## WORK INSTRUCTIONS
Transcribe exactly, and without pictures, the lines from the one that contains "CCM’s next shift" through the last line of the material.

## DATASET CONTENT
Segment Open

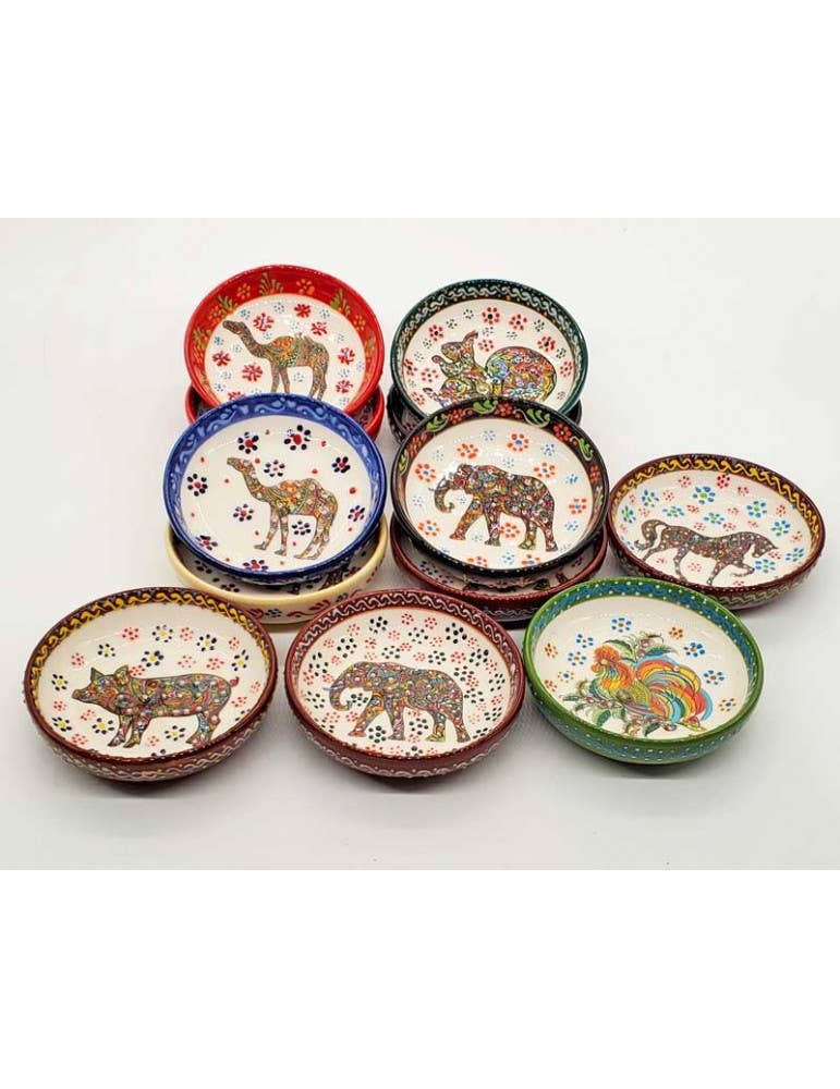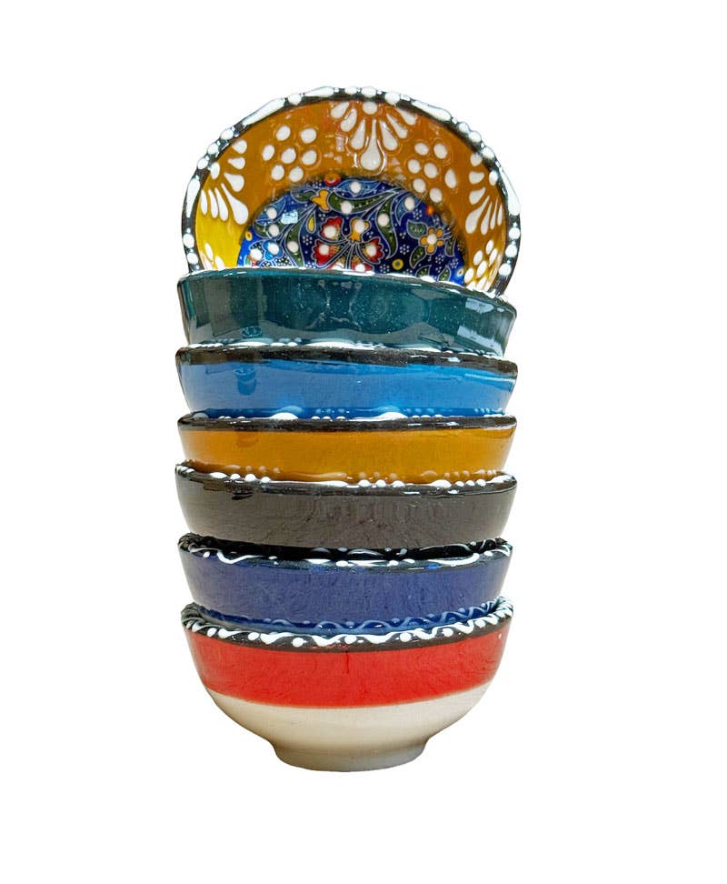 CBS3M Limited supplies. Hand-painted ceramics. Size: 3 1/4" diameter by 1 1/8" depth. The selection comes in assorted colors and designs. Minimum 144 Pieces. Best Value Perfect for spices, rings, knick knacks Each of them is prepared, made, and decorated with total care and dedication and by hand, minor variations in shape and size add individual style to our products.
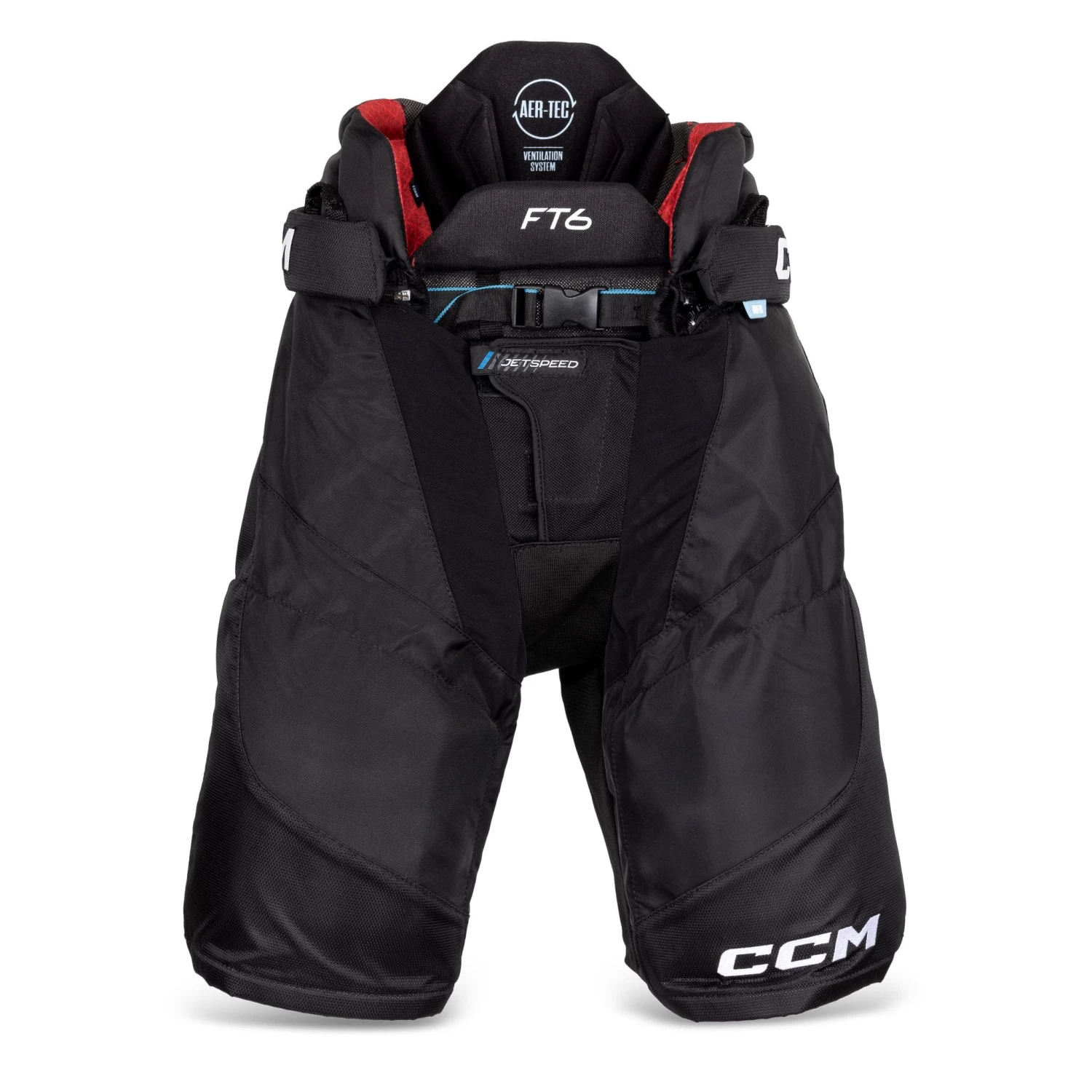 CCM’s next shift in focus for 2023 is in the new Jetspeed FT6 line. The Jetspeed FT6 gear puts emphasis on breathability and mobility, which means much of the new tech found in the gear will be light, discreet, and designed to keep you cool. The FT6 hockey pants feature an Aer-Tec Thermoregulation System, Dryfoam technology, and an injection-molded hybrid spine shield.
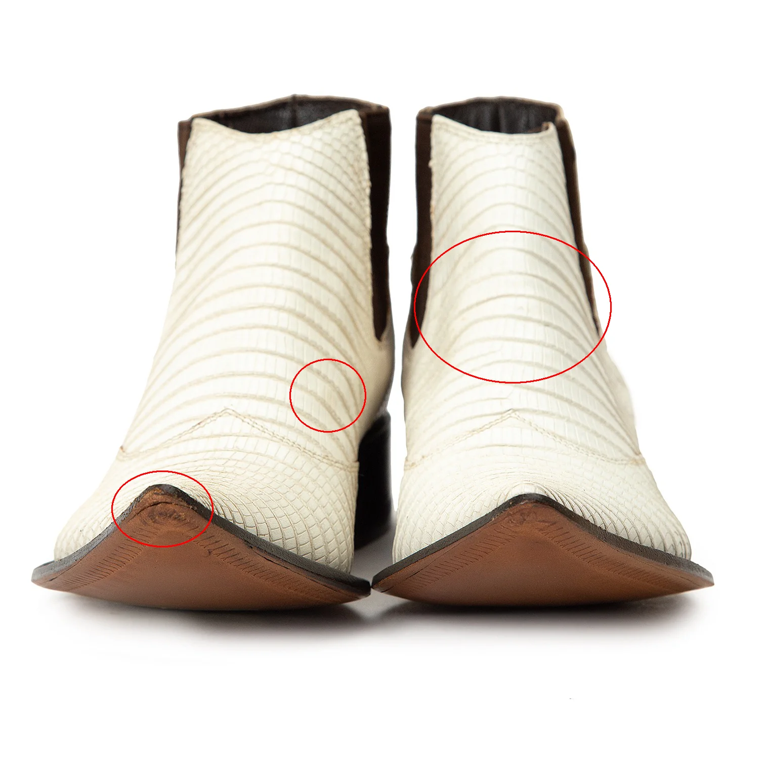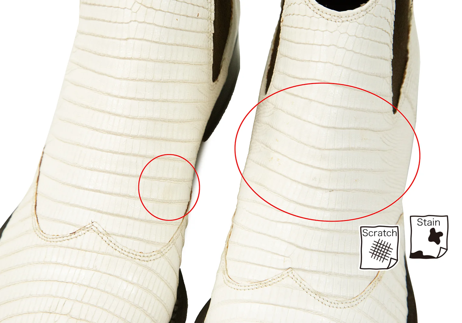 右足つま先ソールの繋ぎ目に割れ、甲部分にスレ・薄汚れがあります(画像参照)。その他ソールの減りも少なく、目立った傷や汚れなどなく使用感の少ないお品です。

Segment Closed

## ANSWER FOR THE TASK
 CCM’s next shift in focus for 2023 is in the new Jetspeed FT6 line. The Jetspeed FT6 gear puts emphasis on breathability and mobility, which means much of the new tech found in the gear will be light, discreet, and designed to keep you cool. The FT6 hockey pants feature an Aer-Tec Thermoregulation System, Dryfoam technology, and an injection-molded hybrid spine shield.
 右足つま先ソールの繋ぎ目に割れ、甲部分にスレ・薄汚れがあります(画像参照)。その他ソールの減りも少なく、目立った傷や汚れなどなく使用感の少ないお品です。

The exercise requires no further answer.